I ask the guy what he has to get for it. His response is well one of the guys in the shop can scrap it for $500, so i have to get $600 can you do that? I already knew these go for much more than $600 in good working order, so what the heck for $600 even if this turns out to be complete garbage i can get my money back in scrap and in the motor which is a new 3 phase 7.5 hp which was replaced not that long ago.
So i rent a box truck with a liftgate, bring my strongest friend along and we load this 2000 lb beast into the truck and away we go. I get it home and takes 2 hours to get it out of the truck into the garage positioned where it currently sits (probably to never move again, this is HEAVY!)

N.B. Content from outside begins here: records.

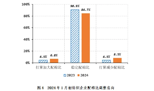 配棉意向调查显示,2024年1月初,84.7%的抽样企业打算稳定配棉比,环比减少2.2个百分点,同比减少6.2个百分点,比近五年同期平均水平减少8.0个百分点;6.8%的企业打算加大配棉比,环比增加3.9个百分点,同比增加2.2个百分点,比近五年同期平均水平增加3.3个百分点;8.5%的企业打算降低配棉比,环比减少1.7个百分点,同比增加3.9个百分点,比近五年同期平均水平增加4.7个百分点(如图4)。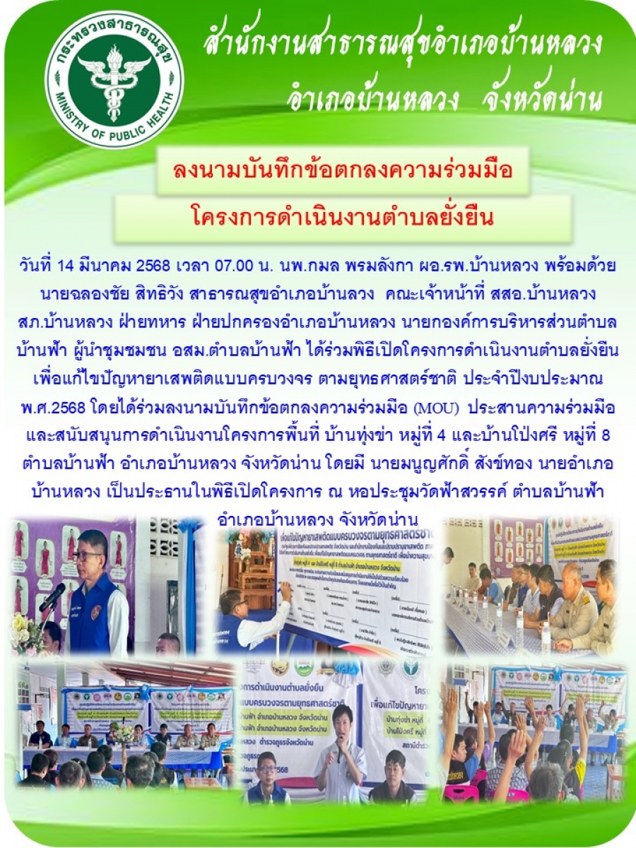 วันที่ 14 มีนาคม 2568 เวลา 07.00 น. นพ.กมล พรมลังกา ผอ.รพ.บ้านหลวง พร้อมด้วย นายฉลองชัย สิทธิวัง สาธารณสุขอำเภอบ้านลวง  คณะเจ้าหน้าที่ สสอ.บ้านหลวง                 สภ.บ้านหลวง ฝ่ายทหาร ฝ่ายปกครองอำเภอบ้านหลวง นายกองค์การบริหารส่วนตำบลบ้านฟ้า ผู้นำชุมชมชน อสม.ตำบลบ้านฟ้า ได้ร่วมพิธีเปิดโครงการดำเนินงานตำบลยั่งยืน เพื่อแก้ไขปัญหายาเสพติดแบบครบวงจร ตามยุทธศาสตร์ชาติ ประจำปีงบประมาณ พ.ศ.2568 โดยได้ร่วมลงนามบันทึกข้อตกลงความร่วมมือ (MOU)  ประสานความร่วมมือ และสนับสนุนการดำเนินงานโครงการพื้นที่ บ้านทุ่งข่า หมู่ที่ 4 และบ้านโป่งศรี หมู่ที่ 8 ตำบลบ้านฟ้า อำเภอบ้านหลวง จังหวัดน่าน โดยมี นายมนูญศักดิ์ สังข์ทอง นายอำเภอบ้านหลวง เป็นประธานในพิธีเปิดโครงการ ณ หอประชุมวัดฟ้าสวรรค์ ตำบลบ้านฟ้า อำเภอบ้านหลวง จังหวัดน่าน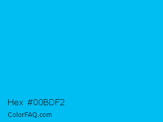 Hex #00bdf2 Color is a normal cyan color and the nearest color is Cyan Process #00b7eb. Hex code #00bdf2 and RGB value is rgb(0,189,242). In RGB color space, this color is composed of 0% red, 74% green, 95% blue, In CMYK color space, this color is composed of 100% cyan, 22% magenta, 0% yellow , 5% black , In HSL color space, this color has a hue angle of 193° , 100% saturation and 47% lightness.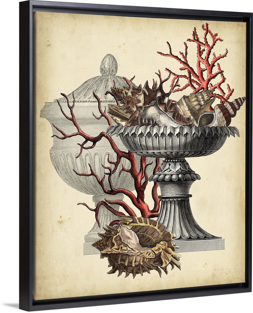 Art Beach House Décor Drawing Shells Vision Studio Vintage Art Wildlife Marine Life Coral

Then let the work begin, more research on the site here about 3 phase motors and how to make them work on single phase power. I concluded my best option was to go with a phase converter, knowing the motor will only run at 75% capacity at 7.5 hp i didnt think that was a problem. While waiting on the converter and magnetic switch to make it run i began the cleaning greasing and lubing….then more cleaning and just when i thought i had all the sawdust out….more cleaning. The dust in the main body of the saw had been sitting in there so long the layers on bottom were starting to decay and turn into dirt. Got that all shoveled out, the motor removed, the slider all taken apart, bearing out…regreased and all put back together.
Switch and converter came in…got that hooked up and the saw worked. It cut like crap but it worked. Next came one of a couple trips to rockler for parts to remake the crosscut fence, miter slot, and get the various bits and pieces i felt i needed. a trip to the non-orange one for a sheet of melamine for the fences and extension tables and i was about in business.
After about 3 weeks of fooling with this it cuts perfectly! Exactly square..everything is parallel and perpendicular to the blade where it should be. Then the final step was adding a new forrest woodworker 2 blade. I bought one for general cutting and a plywood/thin veneer blade.
All told i spent right about $1500 including the truck rental to get it to my house. Great deal for a now excellent 8 foot european sliding tablesaw. I couldn’t be happier with it….well maybe with a new coat of paint but thats a whole new project.